The kit comes with an instructional DVD that is about 30 minutes long and goes through basic techniques for use as well as cleaning. I'll admit, I jumped the gun a bit and did my first trial before watching the videos, instead simply reading the instructions. In hindsight, I should have been more patient as my cleaning wasn't as effective or complete as it should have been. I started by just using the black paint that comes with the kit and testing it on some unpainted scenery. In particular, it will be nice for polystyrene scenery since you can't spray paint it, and it can be a pain to paint some things by hand. Once I was finished with my tinkering, I tried to follow the instructions to thoroughly clean the brush.

The first step is straightforward and simple: flush water or cleaner through the brush until in comes out clear. It goes a bit faster if the paint cup is either empty or you flush that out first. The next step is backwashing. This is where the DVD helped me understand why I was unsuccessful. Essentially, you pull back the needle so it isn't exposed out the front of the brush, then cover the hole and engage the airflow. This will force the air and clearner back up into the paint-cup. My problem was (despite how simple it seems in hindsight) was that I didn't remove the needle guard on the front, which made it more or less impossible to completely stop-up the airflow and force it back through the brush.

Following the backflow is generally cleaning everything as well as possible, including removing the needle and gently wiping it clean. Once again, while I thought I did a good job, the DVD showed me some parts I missed, which could have resulted in paint drying inside the brush and generally creating a clog. Complete disassembling of the brush and washing/soaking of the parts will help, even if it is a little scary. 

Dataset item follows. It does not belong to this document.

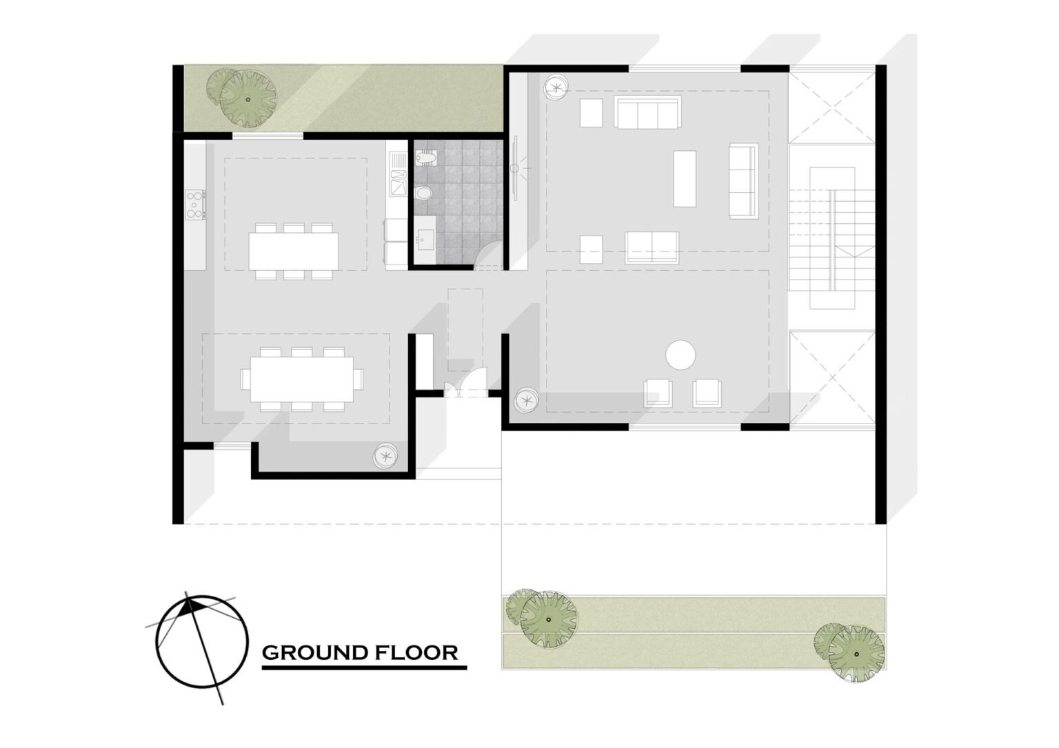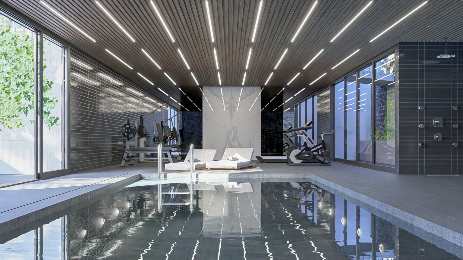 To optimize light control for the underground sports area, part of the landscape is intentionally recessed. This design allows for increased natural light while introducing a private sunken courtyard that enhances both the visual appeal and functionality of the space. Additionally, an overhanging concrete shell on the exterior plays a crucial role in controlling sunlight during the summer months, providing shading and contributing to the building’s energy efficiency.
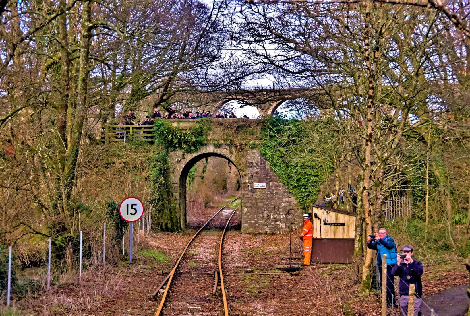 With everyone fed and watered, the train returned to Liskeard this time in to bay P3. Participants (at least those who are unidirectional) had the choice of alighting to take photos and make videos of the manoeuvre back to P2 via the connecting line where they could rejoin. Quite a few did, as the rare connection was done again, and Kev Adlam's off-train video is available on our Facebook pages.

The next step, for me, was getting comfortable with thinning my current paints. I have a fairly wide selection of paints and don't fancy buying a full line of airbrush paints. After asking around and doing some more research, I settled on a flow aid to add to my paints:

The final lesson for today's post is to read the bottle. I spent two evenings trying to make my paint mixtures have a "milk" like consistency and still stick to the model, with limited success, as you may judge from the models below. I repeatedly ran into the problem that the paint would not stick to the plastic, and despite adjusting to add more paint and less flow-aid, acted like a wash and generally was blown into the recesses of the models:

I managed to do a little better with the red on the Termagants, but not by much.

After generally getting frustrated, it finally occurred to me to look at the bottle, which informed me I should be diluting it with 20 parts water before mixing with the paint. Major facepalm moment, particularly since I had run out of time for that session and wouldn't be able to apply this lesson until the next time I break out the airbrush.

There's definitely a learning curve I'm going through, but I am inspired with the amazing things other painters can do with airbrushing. I hope you'll join me as I continue to learn, whether you have things to teach me or if my lessons learned will help you as you begin your own journey into airbrushing.